“If you join the organization, if you are a hail-fellow-well-met with all the Pat McCanns of the city,” retorted the Judge, sternly—“if you sink to that level, you would certainly leave your children something very different from what your father left you. If you do, I doubt whether the organization will go out of its way to offer inducements to your son. It will expect to get him cheap.”
The young lawyer flushed again, and then he laughed uneasily.
“You are hard on me, Judge,” he said at last.
“I want you to be hard on yourself now,” the older man returned. “I know you, Curtis; I know the stock you come of, and I am sure you will be hard enough on yourself—when it is too late.”
“I’m not going to rob a bank, am I?” urged the younger man.
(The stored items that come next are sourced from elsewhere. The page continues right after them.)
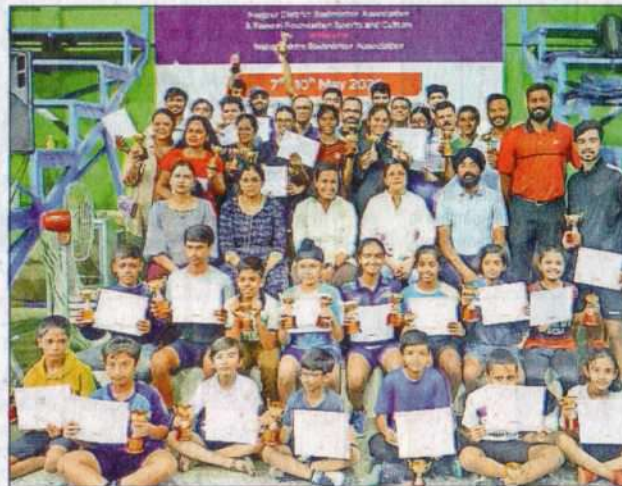
The podium finishers in various age groups with the guests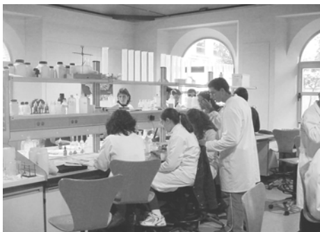
Laboratorios de docencia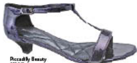
Piccadilly Beauty 882.048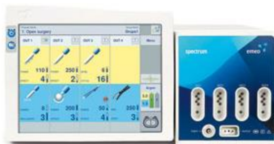
Figura 30 - Eletrobistúri Spectrum

Outra grande inovação é o tipo de regulação da potência, que passa a ser automaticamente gerida pelo aparelho. Desta forma, o corte ou a coagulação é sempre otimizada.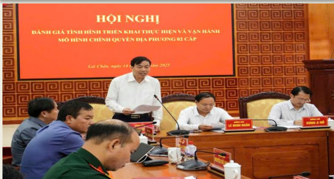
Đồng chí Lê Văn Lương - Chủ tịch UBND tỉnh điều hành nội dung thảo luận tại hội nghị.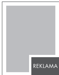
1/8 STRONY NETTO: 97 x 70 BRUTTO: 107 x 80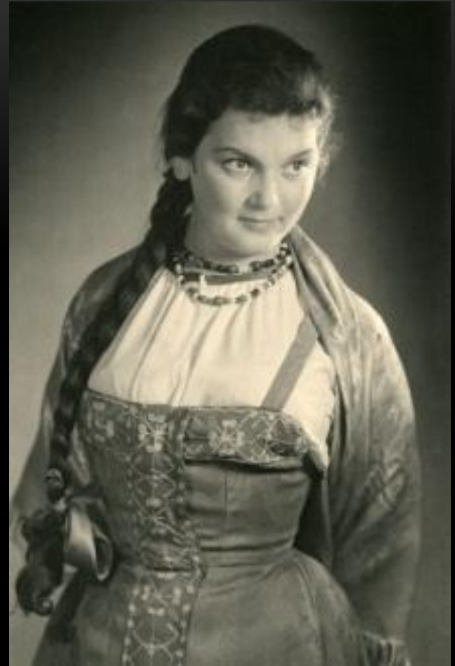
Варвара из пьесы "Гроза" А.Н. Островского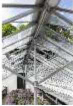
Lin.V, Gärtnerei, DI016812, BSV-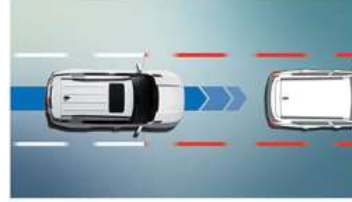
نظام المساعدة في الحفاظ على المسار (LKA) نظام تحذير مغادرة المسار (LDW)

تساعد الترميز اللولبية إذا تم اكتشاف خطر الاصطدام بالسيارات في النقطة العمياء، أثناء تغيير المسارات.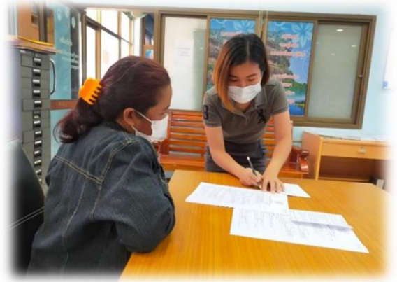
รูปภาพประกอบ การรับเงินเบี้ยยังชีพผู้สูงอายุ/ผู้พิการ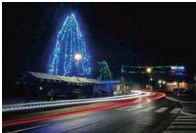
Za okrasitev smreke pri trgovskem centru so porabili štiristo metrov lučk.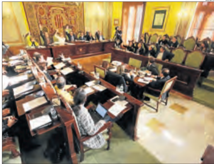
Votació dels comptes de l'EMU en un ple de la Paeria.

Per això, els consellers del PDeCAT van sol·licitar que se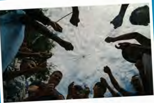
យើងតែមួយ អ៊ូ បាណុង ភ្នំពេញ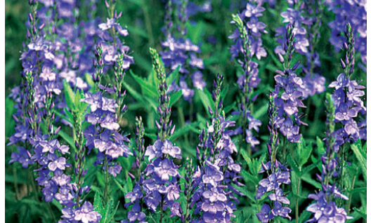
13. VERONICA austriaca 'Royal Blue' - Véronique

Couper les fleurs fanées. Nettoyer la touffe au plus tard en fin d'hiver.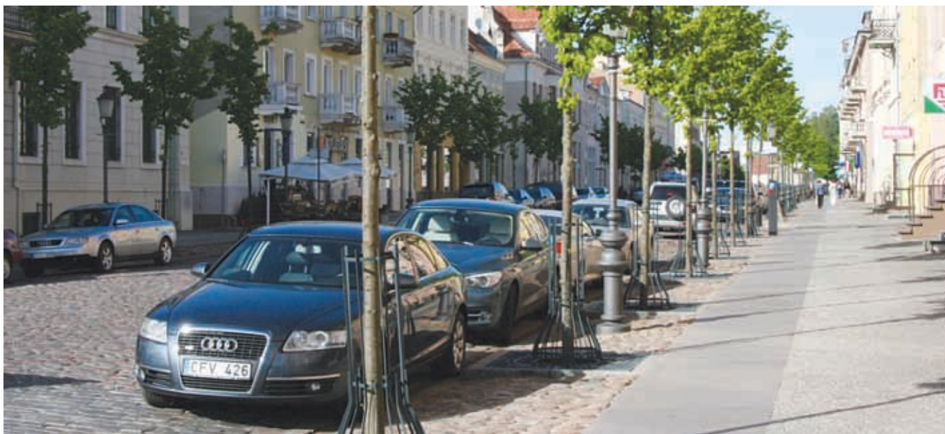
Одна из улиц в Клайпеде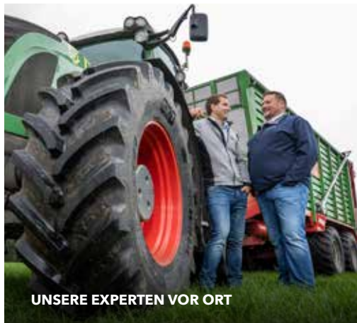
UNSERE EXPERTEN VOR ORT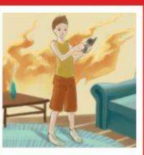
Вызвать пожарных по телефону 01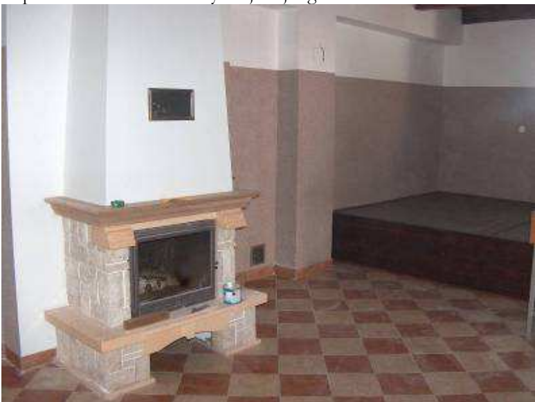
Sala spotkań mieszkańców w świetlicy.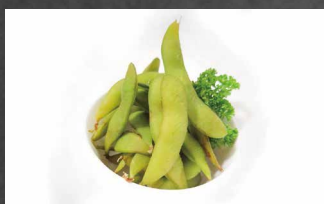
203 - EDAMAME fagioli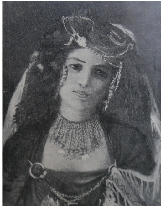
2 Adolf Sandoz, Szejkowa El-Kantary , 1881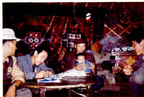
▲ 地区农行系统深入基层开展存款、贷款业务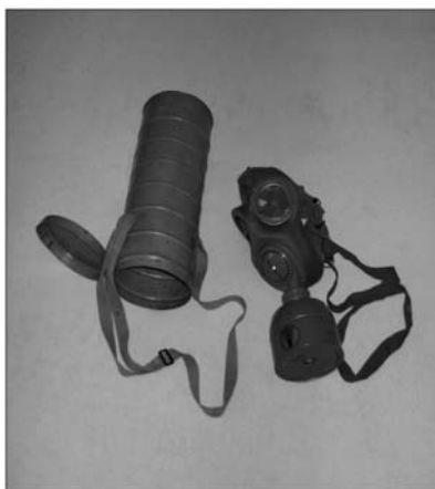
Maska S-35-38 VM-1a.

Přestože československý meziválečný chemický průmysl byl vyspělý a od roku 1923 byla zahájena výroba plynových masek a filtrů pro armádu nezávisle na zahraničí, výroba plynových masek pro potřeby ochrany obyvatelstva byla zahájena až v roce 1937. Soutěž na výrobu plynové masky pro obyvatelstvo byla sice vypsána již v roce 1933, avšak přes zdoluhavé řešení otázky výroby, stanovení její prodejní ceny, zásad distribuce atd., koncese na její výrobu byly uděleny vybraným firmám až v roce 1937. Takže distribuce těchto masek byla prováděna prakticky až před okupací. Tyto průtahy byly také částečně zapříčiněny firmami, ucházejícími se o výrobu, neboť se jednalo o lukrativní státní zakázku. 44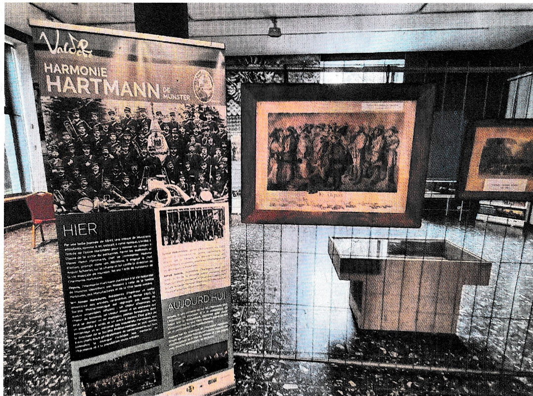
La salle Ratti du Mise accueille une exposition consacrée à l'histoire étonnante des Hartmann à travers notamment plusieurs panneaux.

« Magnats du textile », les Hartmann ont régné sur ce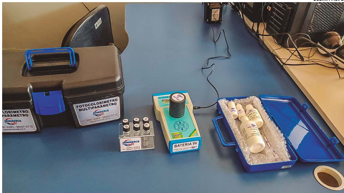
Kit compelo com os equipamentos que serão utilizados para realizar as análises e o monitoramento da água

“O que nós precisamos, já com o recurso repassado, é que os municípios iniciem o processo de compra desses equipamentos e insumos para que a gente possa melhorar o monitoramento e a qualidade da água utilizada no estado”, destacou. O programa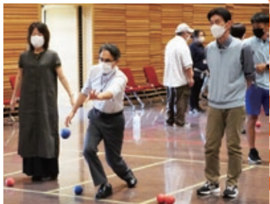
大東区長もボッチャに挑戦！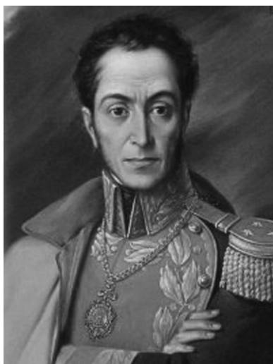
Simón Bolívar (24. juli 1783 - 17. december 1830)

Selvom Napoleon få år senere blev fordrevet og det spanske monarki genindsat, betød det ikke en tilbagevenden til spansk kolonistyre. Selvstændighedsrevolutionerne brød ud i hele Latinamerika. Vigtigt for forståelsen af den senere udvikling i Latinamerika, herunder Bolivias og for dagens forhold i Bolivia, er, at selvstændigheds-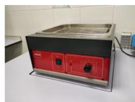
Referencia: DUL-084 BAÑO TERMOSTATICO Año: 2009 Marca: INDELAB

“You are going to rob yourself,” was the swift answer. “You are going to rob your children, if you ever have any, of what your father left you—the priceless heritage of an honored name.”
“Come, now, Judge,” said Van Dyne, “is that quite fair? You speak as if I were going to enroll in the Forty Thieves.”
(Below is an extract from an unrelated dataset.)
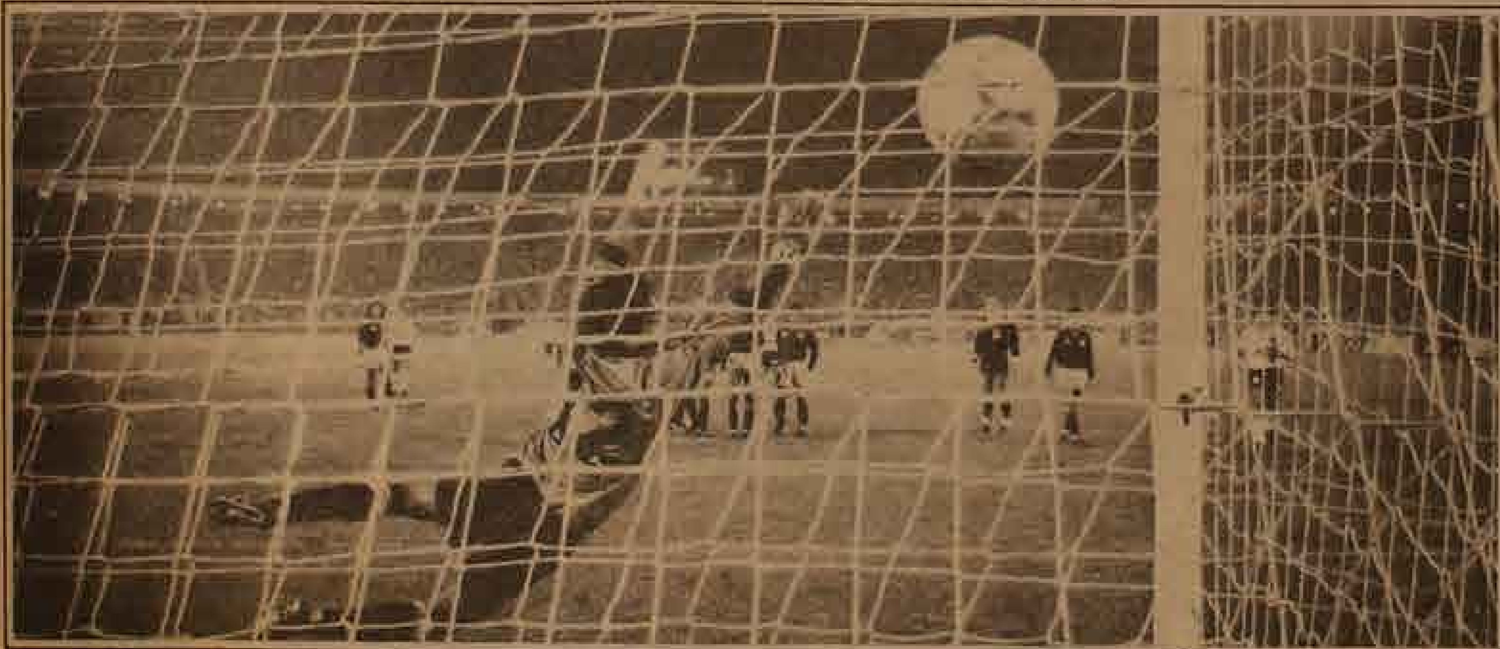
El gol es la esencia de esta hermosa "pasión de multitudes"

"Dejé grandes y buenos amigos en aquel paso por Chile. Lo mejor de Chile es su gente. Y a la gente chilena que me recuerda yo siempre la llevo en el corazón. Ahora espero que el partido contra Colo Colo no perturbe ni empañe los sentimientos de la amistad afectuosa que ambos -por lado y lado- sentimos los unos por los otros".

“If I thought you capable of doing that I should not be speaking to you at all,” was the reply.
“Pat McCann isn’t a bad fellow really,” the young man declared. “He means well enough. And the rest of them are not rascals, either; they are not the crew of pirates the papers call them. They are giving the city as good a government now as our mixed population will stand. They have their ambition to do right; and I sincerely believe that they mean to do the best they know how.”
“That’s it precisely,” the Judge asserted. “They mean to do the best they know how. But how much do they know?”